# Records for the task
== == ==

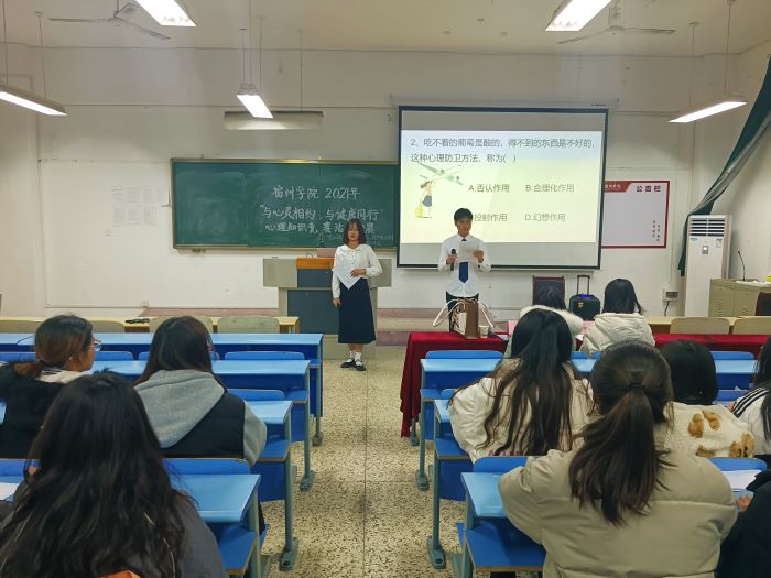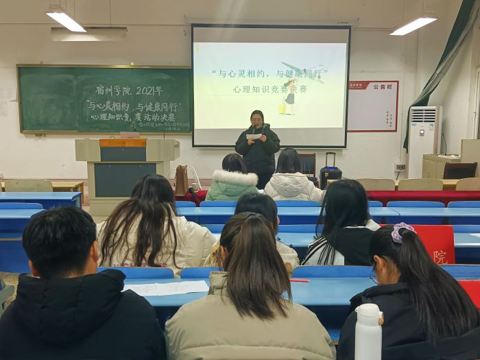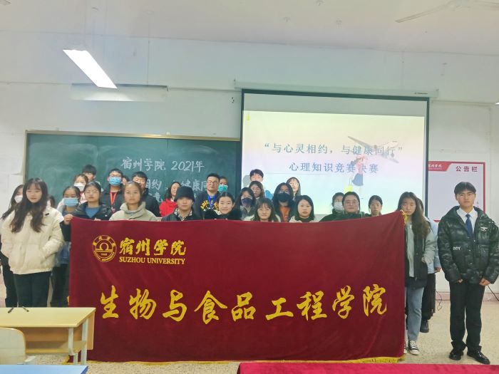 为了响应国家“关注大学生心理健康问题”的号召,更好的宣传、普及心理健康知识,12月1日晚,生工学院于教学楼B109举办2021年宿州学院“与心灵相约,与健康同行”心理知识竞赛活动决赛。本次竞赛特邀张梦琪老师和孙欣冉老师担任评委,各二级学院参赛选手参加了本次比赛。
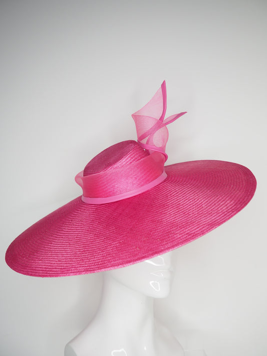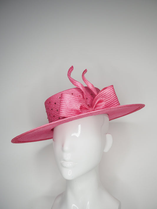 Pink Lady - Pink broad brimmed slanted crown parissisal with crinoline leather edged swirl detail
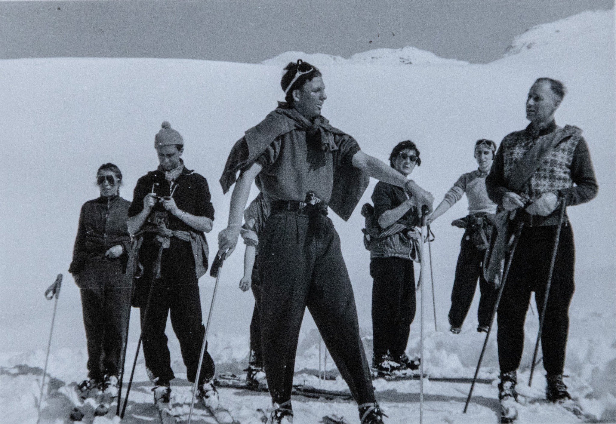 TVE-Mitglieder beim gemeinsamen Skifahren in der Nähe der Schaubachhütte in Südtirol, 1960.
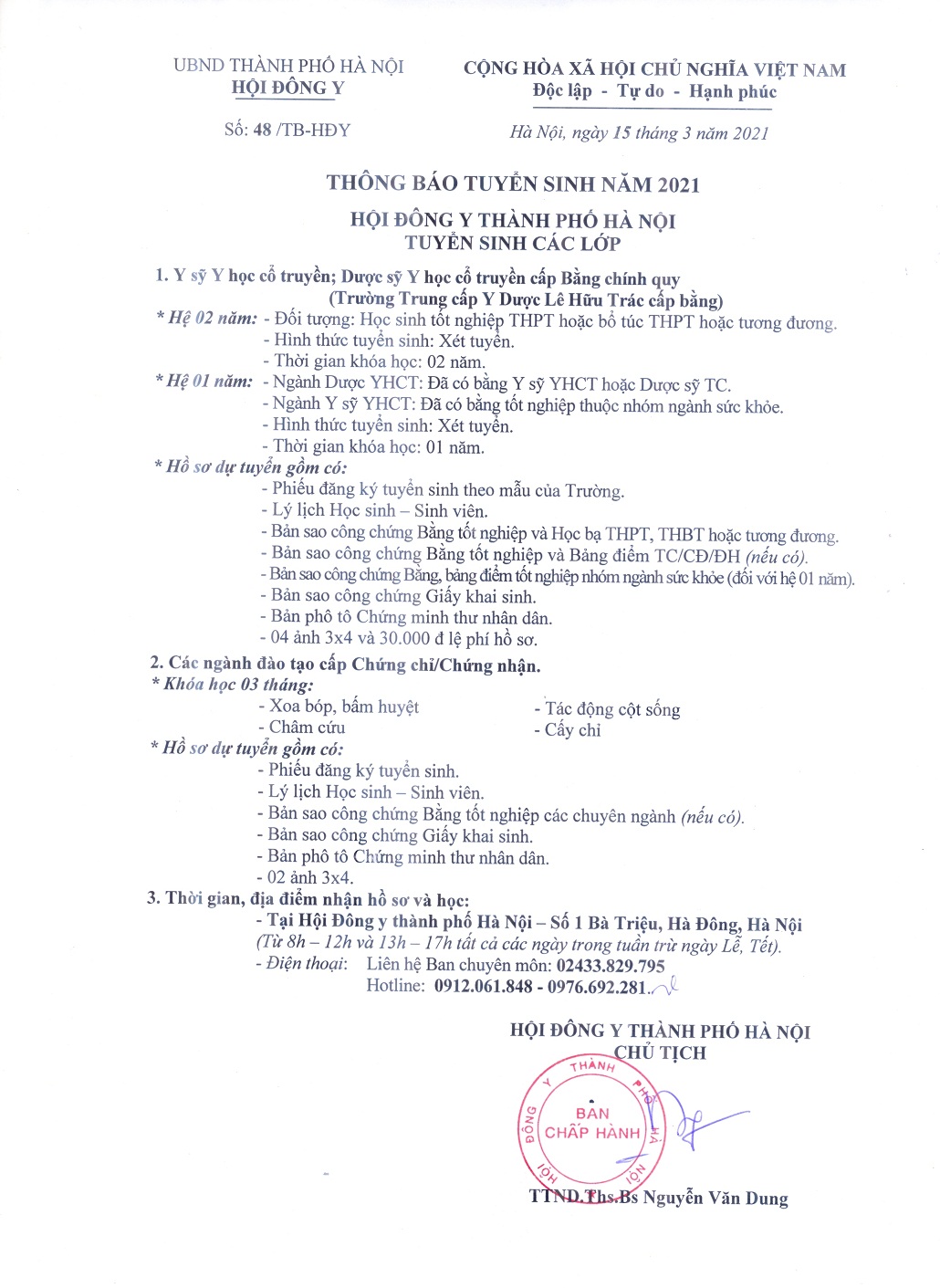 Thông báo tuyển sinh năm 2021
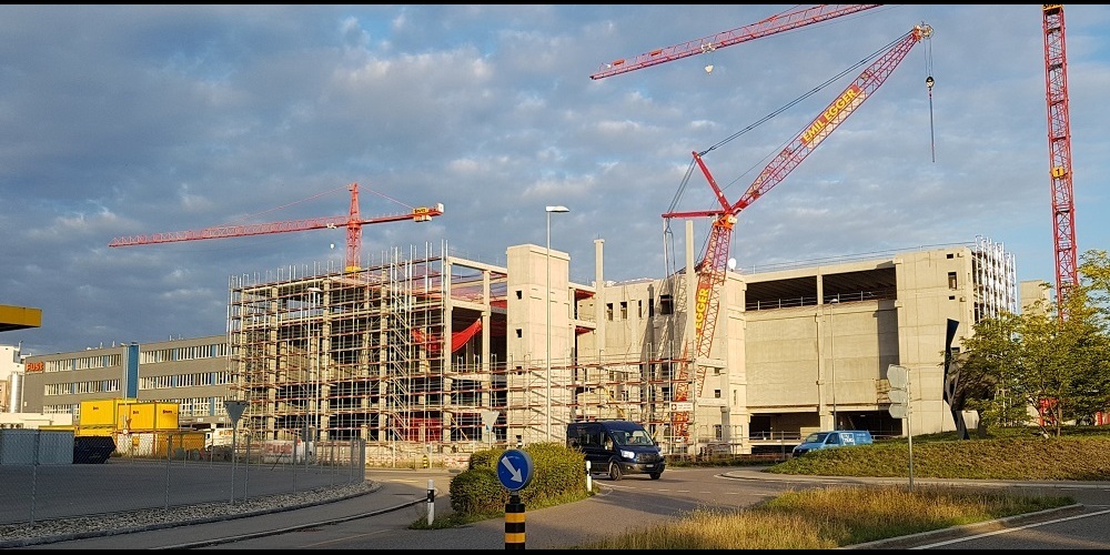 Das neue FUST Logistik-Zentrum bei der Zufahrt zur A1 in Oberbüren nimmt immer mehr Gestalt. Ein imponierender Bau zeichnet sich, der bald einmal die Lager und die Spedition für den Online-Shop fust.ch beherbergen wird.
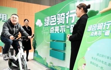 12月12日,“废旧3C电子产品回收进地方机关系列活动”首场活动在雄安新区启动。图为雄安新区党政机关干部职工正在低碳生活体验专区参加“绿色骑行”活动。
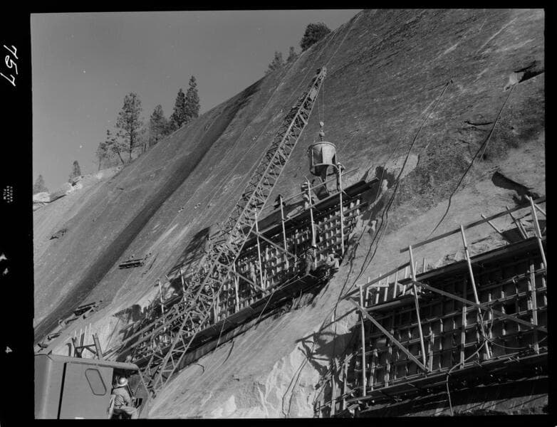 Big Creek - Mammoth Pool - Pouring dental concrete on east abutment
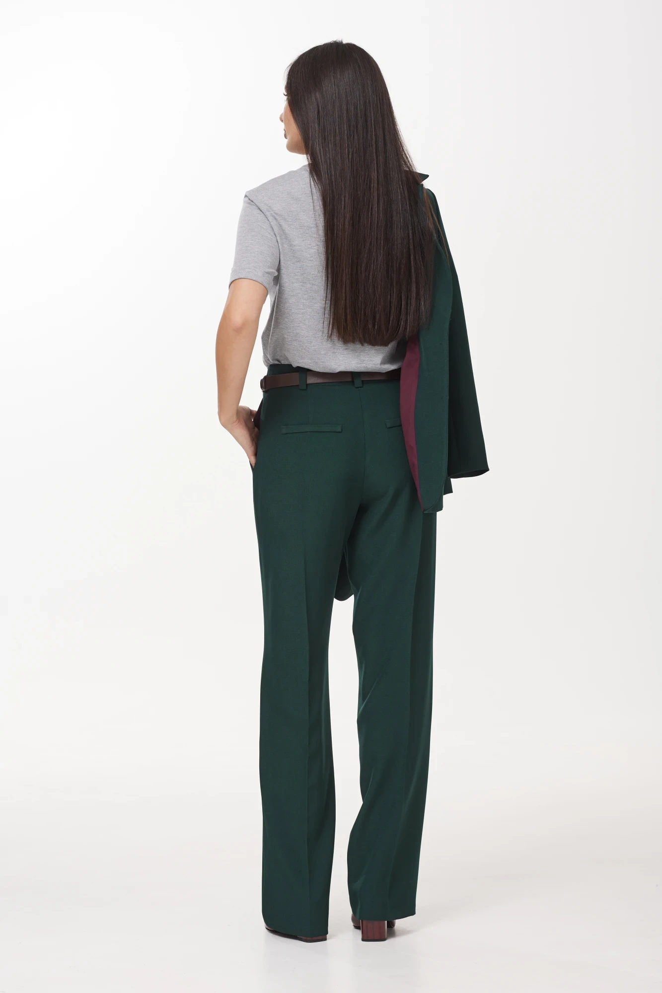 Брюки классической формы, прямого силуэта, со стрелками по передним и задним половинкам. Верхний срез обработан обтачным поясом. На задних половинках расположены талиевые вытачки и настрочены декоративные листочки. В боковых швах брюк обработаны наклонные карманы. Застёжка центральная на тесьму молнию и крючок.
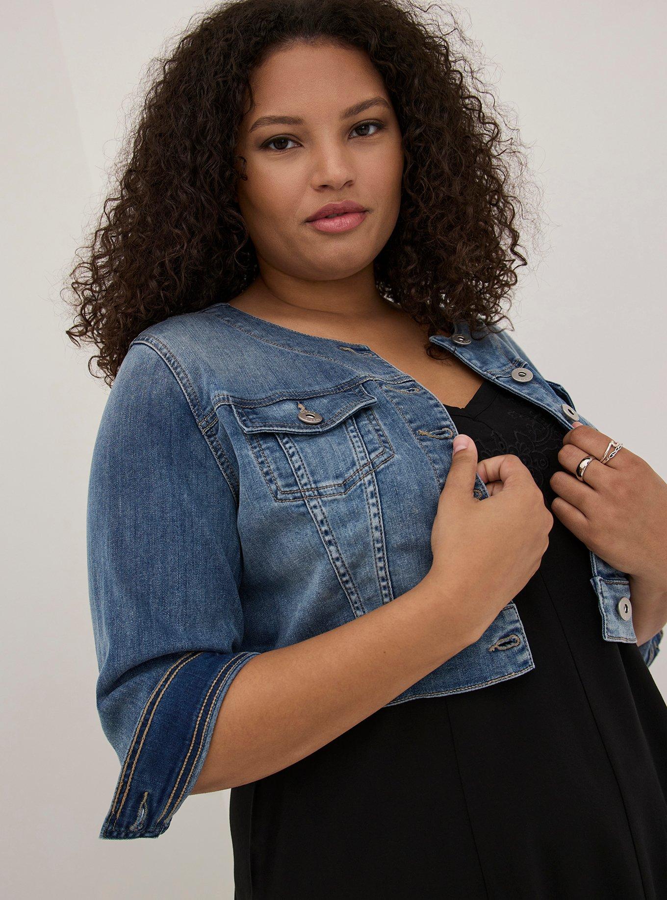 Plus Size Collarless Jacket Denim Medium Wash Torrid Very well made.
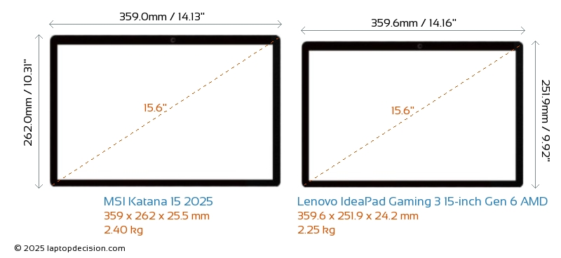 Audio JackBoth Katana 15 2025 and IdeaPad Gaming 3 15-inch Gen 6 AMD are equipped with a 3.5mm Audio Jack, providing seamless connection to headphones and speakers.
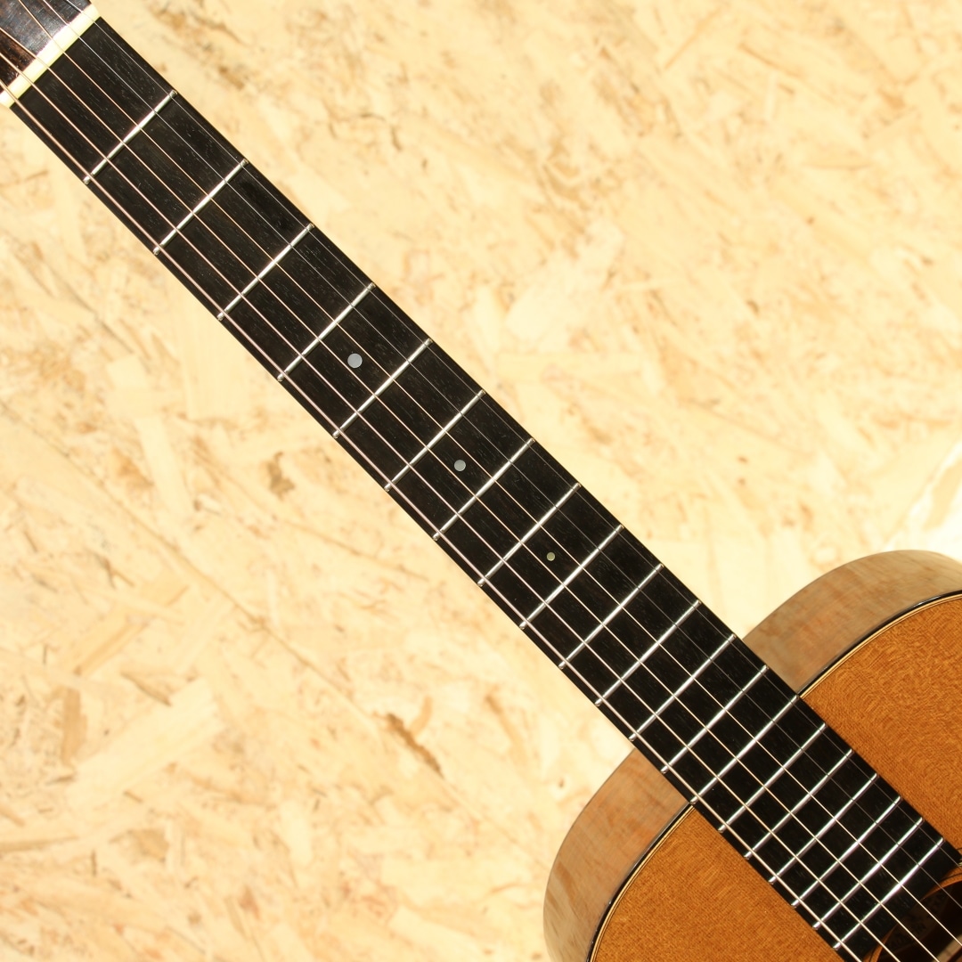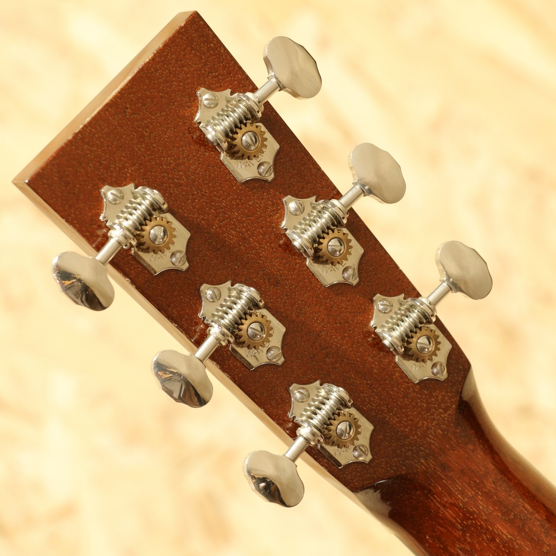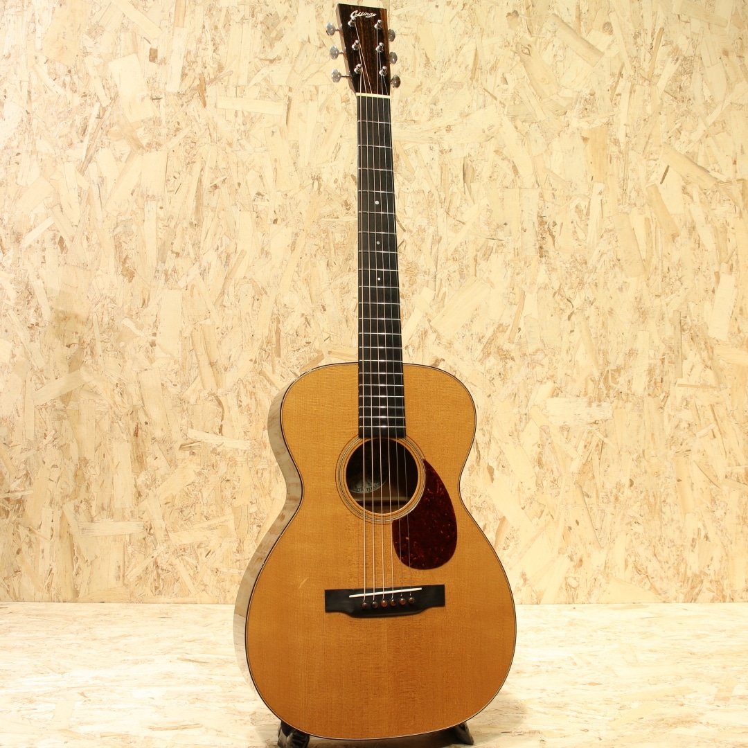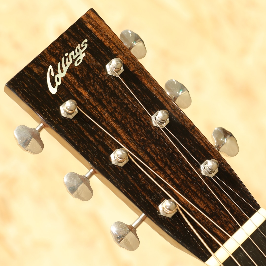 世界的にもっとも高い評価を得ているブランドの一つであるコリングスギターの新しいアイデアとしてリリースされたラインナップ"トラディショナル「T」シリーズ"。ビルのルーツに遡りコリングス・サウンドに更なるトーンバリエーションが加わったモデルとなっていて、1930年代のビンテージギターの特徴でもある強力な基音のレスポンスを備えたギターに仕上がっています。本器はOサイズ、スタイル18を基にした"O1T”。2018年製のUSED品です。シトカスプルーストップ、ホンジュラスマホガニーサイド&バック、ホンデュラスマホガニーネック、エボニー指板&ブリッジ、ウェバリーペグ、ナット幅44.45mm、MOPドット指板ポジション、べっ甲柄セルロイドピックガード、べっ甲柄バインディング、タンブレースを短縮した戦前スタイルのスキャロップドXブレイシング、極薄のニトロセルロースラッカーフィニッシュ。トラディショナルシリーズならではの指板角を丸めたネックシェイプは長年弾き続けた愛器のような安定感があり、握った瞬間にしっくり来る感覚を覚えます。組み込みには動物性接着剤を使用し、極薄のニトロセルロースラッカーフィニッシュが用いられたこだわりの造り。これによって、よりダイレクトな手応えとレスポンス、ダイナミックなサウンドを生み出しています。材は厚みから重量に至るまで調整され、より丸さと滑らかさを持ったトーンを出力。コリングス特有の輪郭感は残しながらも基音の太さや線の太さを実感できるサウンドとなっています。音と音とには確かな間隔があり、サウンドに立体感を覚えます。強弱タッチがそのままに飛び出る表現力の高さにも驚きますが、ハイポジションに至るまでコシと粘りのあるサスティーンも流石コリングス。高音域の抜けがフィーチャーされがちな小ぶりシェイプですが、豊かな中音域とサイズを超えたボリューム感が気持ちよく、OOでも充分かもと感じさせてくれます。ショートスケールながら絶妙なテンション感を持っているので、ピックストロークでもフィンガーピックでも幅広いスタイルに対応できる高ポテンシャル。ブリッジ6弦側の下やボディトップ6弦側ショルダー箇所に瞬間接着剤が付いたような跡、ボディバックやボディトップ6弦側ショルダーに光にかざすと見える程度の薄い当てキズ、ボディサイド1弦側ボトムに少し見え擦れキズ等の使用感は見られますが、全体を通してキレイな状態をキープされています。ネック周りの演奏性も非常に良いままに保たれており、この辺りは流石のコリングスでしょう。サドルの上下幅もまだ残されており、これからも使っていける1本です。量産メーカーとは生産スタイルも一線を画すスタイルを貫くコリングスならではのハイクオリティな逸品。ぜひそのお手元でご体感ください。
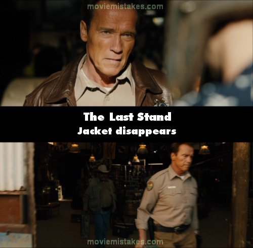 Continuity mistake: When gearing up for Cortez's arrival, Ray has got a leather jacket on. When they leave to get in the trucks, the jacket has disappeared. (00:59:00)
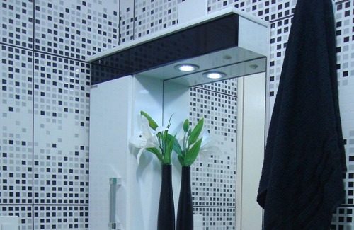 With natural lighting and ventilation, spacious, decorated in shades of white and black, fully tiled in the style pastilled, tiled, leaving the environment very pleasant.

== == ==

# Problem to work on
Above are entries with pictures among them. Write out exactly the lines from the one containing "Plus Size Collarless" through the one containing "Audio JackBoth Katana", ends included, and leave those pictures out.

# Response to this task
 Plus Size Collarless Jacket Denim Medium Wash Torrid Very well made.
 Audio JackBoth Katana 15 2025 and IdeaPad Gaming 3 15-inch Gen 6 AMD are equipped with a 3.5mm Audio Jack, providing seamless connection to headphones and speakers.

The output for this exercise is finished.